Where the savings compound: if you’re routing to a local model (Ollama on a home server you already own), the marginal cost of additional queries is zero. The ChatGPT and Claude apps charge you whether you use them or not.
Pricing data for Conduit-specific tiers: not applicable. The app is free, source is free, the only cost is your infrastructure.
Deployment reality check
“Deployment” for Conduit means two things: running the backend and installing the app.
The app install: Download from App Store or Google Play. Standard mobile app install. No configuration required before launch [website][README].

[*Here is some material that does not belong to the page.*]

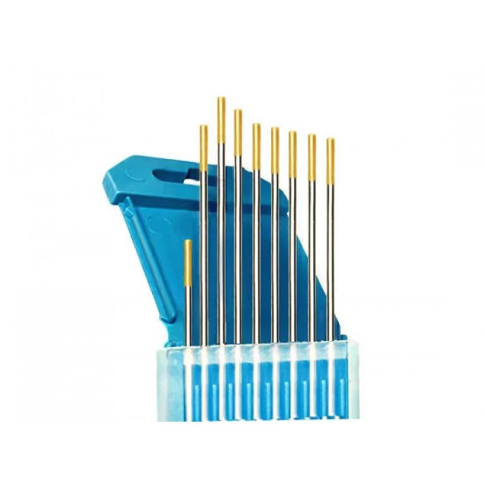 Электроды вольфрамовые ВЛ-15 с аттестацией НАКС, Ø 1,6 мм, цвет золотистый (цена указана за 1 электрод) из сплава вольфрама с оксидом лантана имеют очень легкий первоначальный запуск дуги, низкую склонность к прожогам, устойчивую дугу и отличную характеристику повторного зажигания дуги.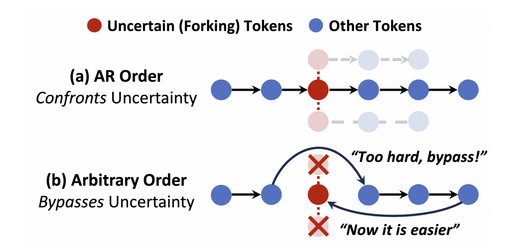 - 这篇论文展示了Diffusion LLM声明的任意顺序生成的优势,其实在训练的时候会引入问题,一个合理的解释是这样的,严格的AR模型,让模型在生成中直面不确定性,因此会有低置信度的token生成,但是在diffusion llm的随机生成中,模型会学习机制优先生成置信度更高的后续token,而通过这些生成的前后token的双向注意力下,中间那个本身是低置信度的token此时的探索空间就被限制了

The backend (Open-WebUI): This is the real deployment. Conduit’s README states the requirement plainly: “A running Open-WebUI instance” [README]. Open-WebUI itself runs on Docker and has its own setup requirements: a Linux host, Docker, enough RAM to run the model you want. If you’re already running Open-WebUI, adding Conduit is just downloading the app.
If you’re not running Open-WebUI yet:
- Open-WebUI Docker setup: 30–60 minutes for someone comfortable with a terminal
- Getting Ollama + a model running alongside it: another 30 minutes
- Exposing it securely to your phone (Tailscale or Cloudflare Tunnel): 15–30 minutes
- Total realistic estimate for a technical user: half an afternoon
What Conduit adds to that: Once the backend is running, Conduit’s connection flow is: enter server URL, validate connectivity, authenticate. The reverse proxy detection is the part that saves time — if you’re behind Authelia or oauth2-proxy, Conduit handles the redirect flow without you configuring anything on the server side [README].

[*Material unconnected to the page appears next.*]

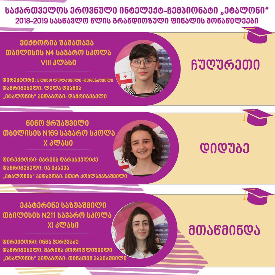 საქართველოს ეროვნული ინტელექტ-ჩემპიონატ„ეტალონის“ 2018-2019 სასწავლო წლის ფინალი დღეს 12 საათზე განათლების, მეცნიერების, კულტურისა და სპორტის სამინისტროს დარბაზში გაიმართება. მანამდე კი გაგაცნობთ „ეტალონის“ ფინალისტებს მთელი საქართველოდან.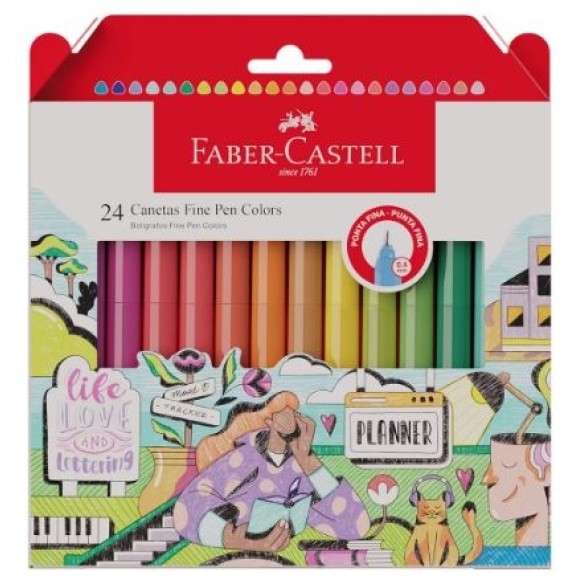 Especificação: Caneta Hidrográfica Fine Pen / Ponta ultrafina 0.4mm / Corpo Triangular Ergonômico / Embalagem com 24 cores sortidas / Produto Certificado INMETRO (Artigo Escolar/Segurança) – Registro 003638/2012.

Potential friction points:
- You need to know your Open-WebUI instance’s URL and how your auth is configured
- If your VPN or tunnel goes down, Conduit loses its connection — this is a backend reliability problem, not a Conduit problem
- The app requires Android 6.0 (API 23)+ or iOS 12.0+ [README] — effectively every phone made in the last 7 years
What’s less clear: The website claims “Offline Ready — History and context available” [website]. The exact scope of offline behavior (can you browse history, or can you also continue typing against a cached context?) isn’t specified in the primary sources. One App Store reviewer specifically called out offline history as “a major win,” which suggests at minimum conversation browsing works without a connection [website].
Pros and cons
Pros
- Free, genuinely open source (GPL-3.0). No subscription, no limits, no API key for Conduit itself. The source is on GitHub and buildable from scratch [README].

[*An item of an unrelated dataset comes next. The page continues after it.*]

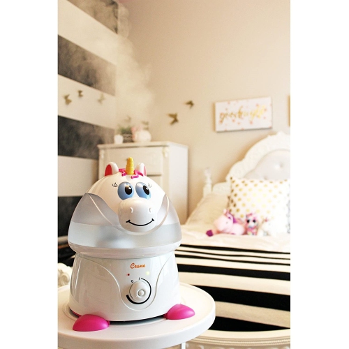 The perfect humidifier to keep your family healthy and happy. Adorable Crane Cool Mist Humidifiers are the best solution for relieving symptoms of dry air, allergies, colds and flu, especially for busy families. With its large portable 1 gallon tank and clean control hardware, cleaning is so easy! Not to mention, its mist release lasts over 24 hours in a large room, making it a functional and aesthetic addition to any room. Adding moisture to the air is a natural and effective way to help you and your family breathe easier and avoid getting sick. Our designs are adored by children and are a great addition to decorated and themed nurseries, playrooms, bedrooms, etc. Our adorable humidors are all made with our patented Clean Control Anti-microbial material, effectively reducing mold and mildew growth by up to 99.97%. Characteristics . Cool mist humidifier, brings a smile to your child and increases the humidity of the air for easier breathing and a good night's sleep . Relieves cough, cold and flu symptoms, nasal congestion, dry cough, sinus irritation, nosebleeds and dry skin and hair . Clean antimicrobial control material to help reduce mold and bacteria growth by up to 99.96% . 3.8l water tank generates almost no noise and up to 24 hours of autonomy . Recommended for a maximum surface of 25m18 . Variable power for better regulation

- The authentication depth is real. Handling reverse proxy auth (Cloudflare Tunnel, oauth2-proxy, Authelia, Pangolin) natively, with automatic detection and no server-side changes, is the feature that makes this viable for real self-hosted setups [README]. Most mobile clients for similar tools skip this entirely.
- Built with Flutter — genuinely cross-platform. iOS and Android from one codebase, both available in their respective stores [README][website].
- Voice input and share sheet integration. Not available in the Open-WebUI PWA. These are native capabilities Conduit actually implements [README][website].
- Folder management and local conversation caching. Quality-of-life features for people who use their AI assistant frequently [README].
- App Store and Google Play availability. You don’t have to sideload or build from source for a standard install [website].
Cons
- GPL-3.0, not MIT or Apache. If you want to embed Conduit in a commercial product or fork it into a branded client for your business, the GPL license creates obligations. Not a problem for personal use; potentially a problem if you want to build on top of it [merged profile].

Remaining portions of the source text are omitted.